First, we need a nearest network using the kNN method; if you used this method in the clustering step instead of sNN, you can skip this step.
my_giotto_object <- createNearestNetwork(gobject = my_giotto_object,
spat_unit = "cell",
feat_type = "rna",
type = "kNN",
dim_reduction_name = "rna.pca",
name = "rna_kNN.pca",
dimensions_to_use = 1:10,
k = 20)
my_giotto_object <- createNearestNetwork(gobject = my_giotto_object,
spat_unit = "cell",
feat_type = "protein",
type = "kNN",
name = "protein_kNN.pca",
dimensions_to_use = 1:10,
k = 20)
runWNN will calculate the weight of each modality for each spot and will store the result in the Giotto object under the multiomics slot.

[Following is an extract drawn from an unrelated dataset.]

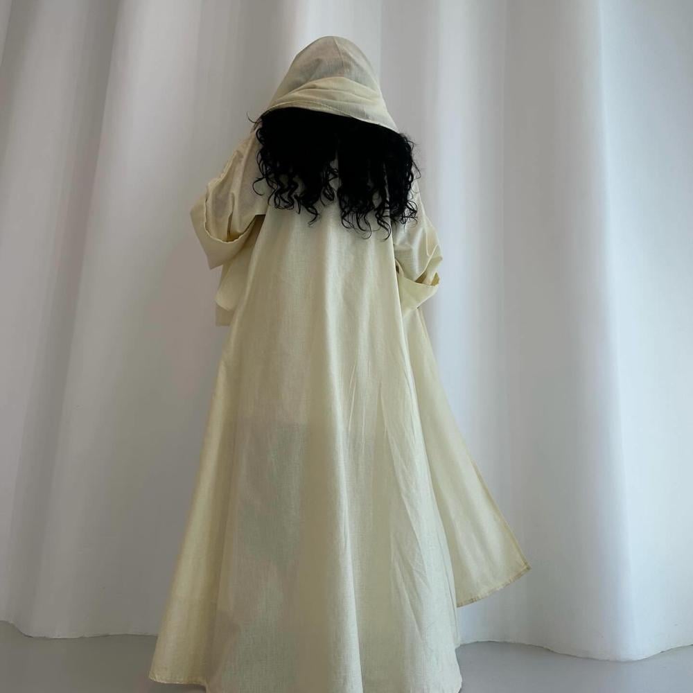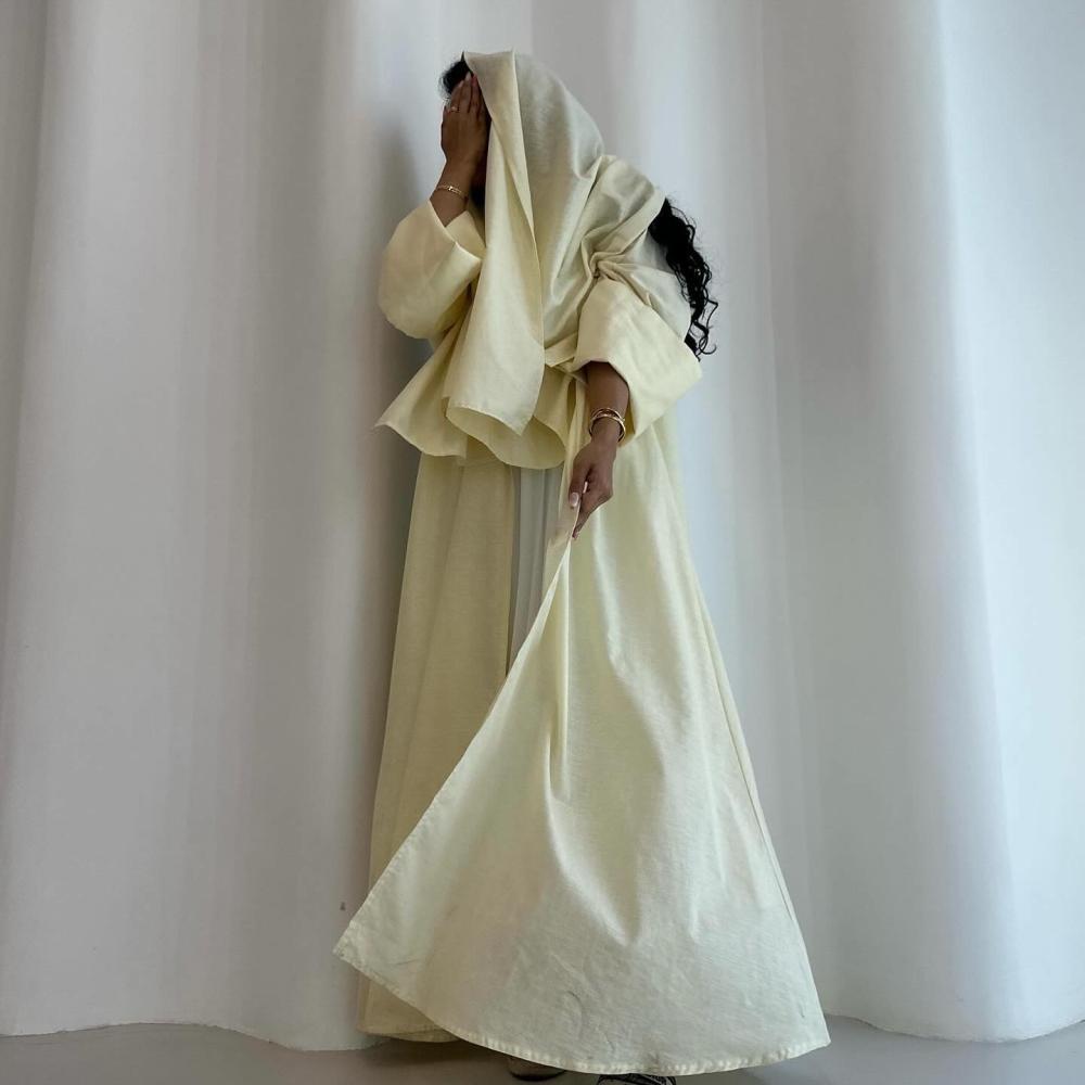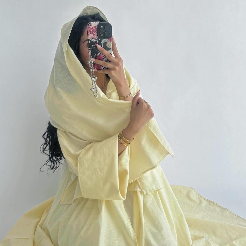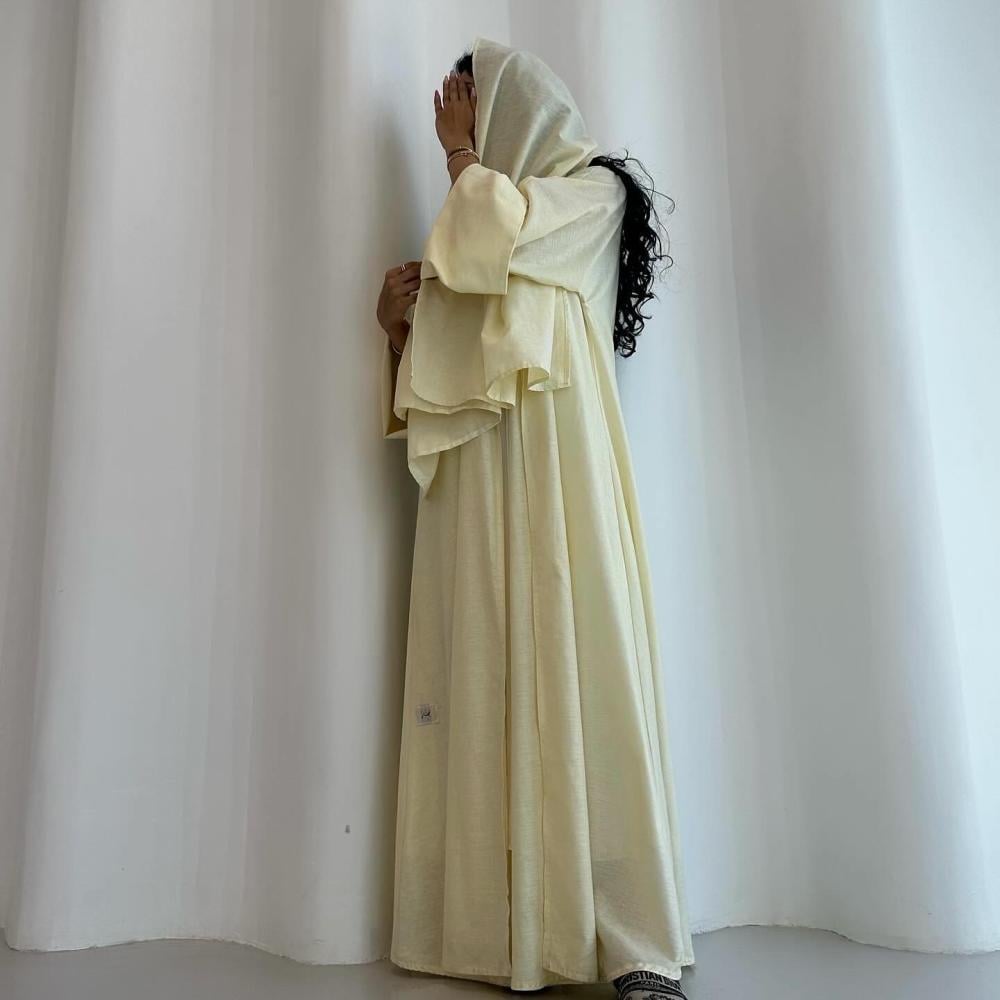 قماش لينن هندي اصفر | الكم سفطه " غير مثبتة| الطرحه بنفس نوعية القماش

my_giotto_object <- runWNN(my_giotto_object,
modality_1 = "rna",
modality_2 = "protein",
pca_name_modality_1 = "rna.pca",
pca_name_modality_2 = "protein.pca",
k = 20)
Using the weights matrix from the previous step, an integrated kNN and UMAP will be calculated, which reflects the integration of the two omics.
my_giotto_object <- runIntegratedUMAP(my_giotto_object,
modality1 = "rna",
modality2 = "protein")
The final step is calculating the Leiden clusters again, using the integrated information from the previous step. These clusters consider the weight of each modality per spot.
my_giotto_object <- doLeidenCluster(gobject = my_giotto_object,
spat_unit = "cell",
feat_type = "rna",
nn_network_to_use = "kNN",
network_name = "integrated_kNN",
name = "integrated_leiden_clus",
resolution = 0.7)
plotUMAP(gobject = my_giotto_object,
spat_unit = "cell",
feat_type = "rna",
cell_color = "integrated_leiden_clus",
dim_reduction_name = "integrated.umap",
point_size = 2.5,
title = "Integrated UMAP using Integrated Leiden clusters",
axis_title = 12,
axis_text = 10)
spatPlot2D(my_giotto_object,
spat_unit = "cell",
feat_type = "rna",
cell_color = "integrated_leiden_clus",
point_size = 3.5,
show_image = TRUE,
title = "Integrated Leiden clustering")
my_giotto_object <- createSpatialNetwork(gobject = my_giotto_object,
method = "kNN",
k = 6,
maximum_distance_knn = 5,
name = "spatial_network")
rank_spatialfeats <- binSpect(my_giotto_object,
bin_method = "rank",
calc_hub = TRUE,
hub_min_int = 5,
spatial_network_name = "spatial_network")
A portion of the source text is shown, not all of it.